An American Betrayal: Cherokee Patriots and the Trail of Tears
Hear the interview with Macmillan/Henry Holt
The fierce battle over identity and patriotism within Cherokee culture that took place in the years surrounding the Trail of Tears.
“An American Betrayal: Cherokee Patriots and the Trail of Tears,” written by Daniel Blake Smith, explores the pervasive effects of the tribe’s uprooting that have never been examined in detail. Despite the Cherokees’ efforts to assimilate with the dominant white culture—running their own newspaper, ratifying a constitution based on that of the United States—they were never able to integrate fully with white men in the New World.

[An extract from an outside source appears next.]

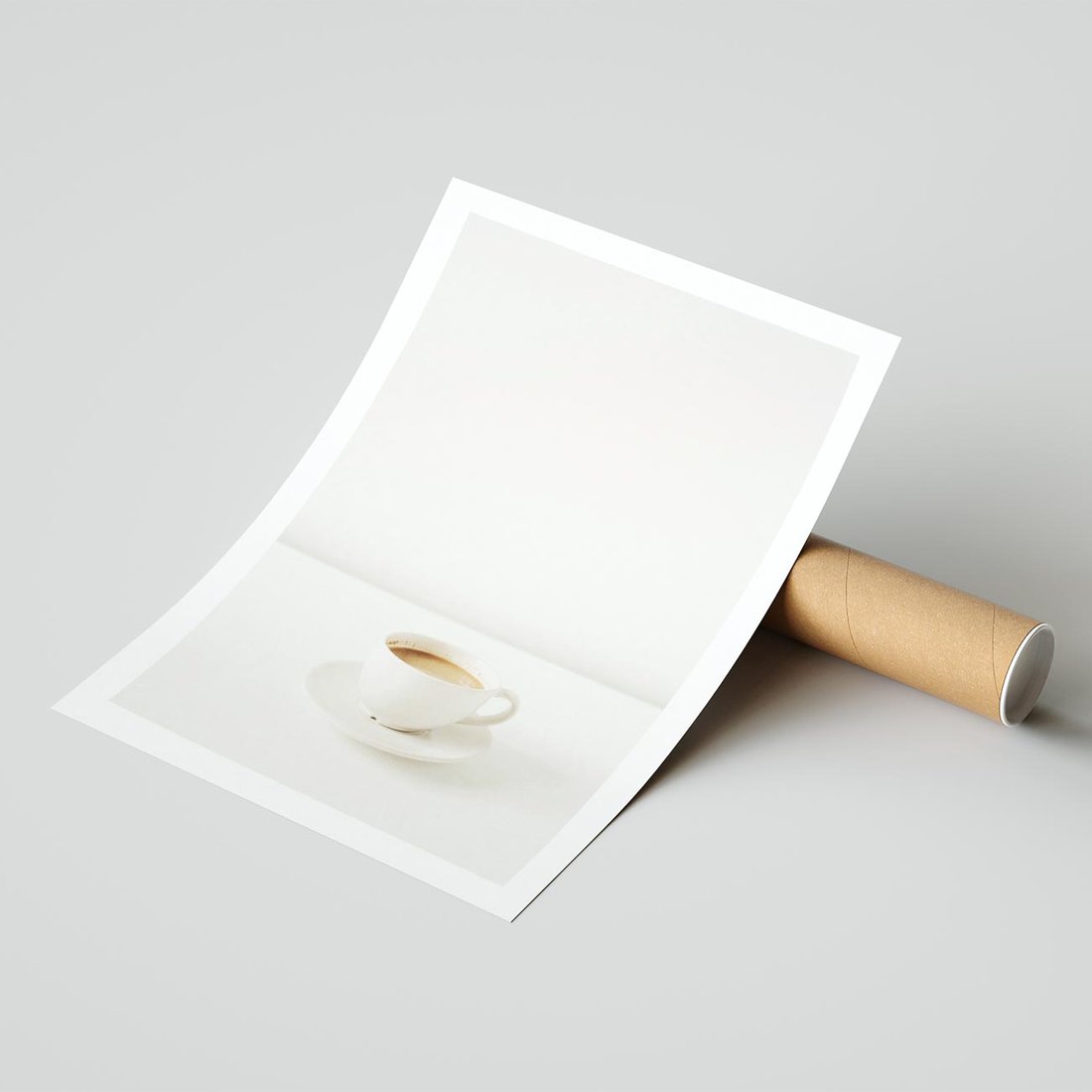 Plakat bez ramy 40x50 - Kawa w Prostocie - kawa w filizance, białe tłó

Daniel Blake Smith’s vivid prose brings to life a host of memorable characters: the veteran Indian-fighter Andrew Jackson, who adopted a young Indian boy into his home; Chief John Ross, only one-eighth Cherokee, who commanded the loyalty of most Cherokees because of his relentless effort to remain on their native soil; most dramatically, the dissenters in Cherokee country—especially Elias Boudinot and John Ridge, gifted young men who were educated in a New England academy but whose marriages to local white girls erupted in racial epithets, effigy burnings, and the closing of the school.
Smith, an award-winning historian, offers an eye-opening view of why neither assimilation nor Cherokee independence could succeed in Jacksonian America.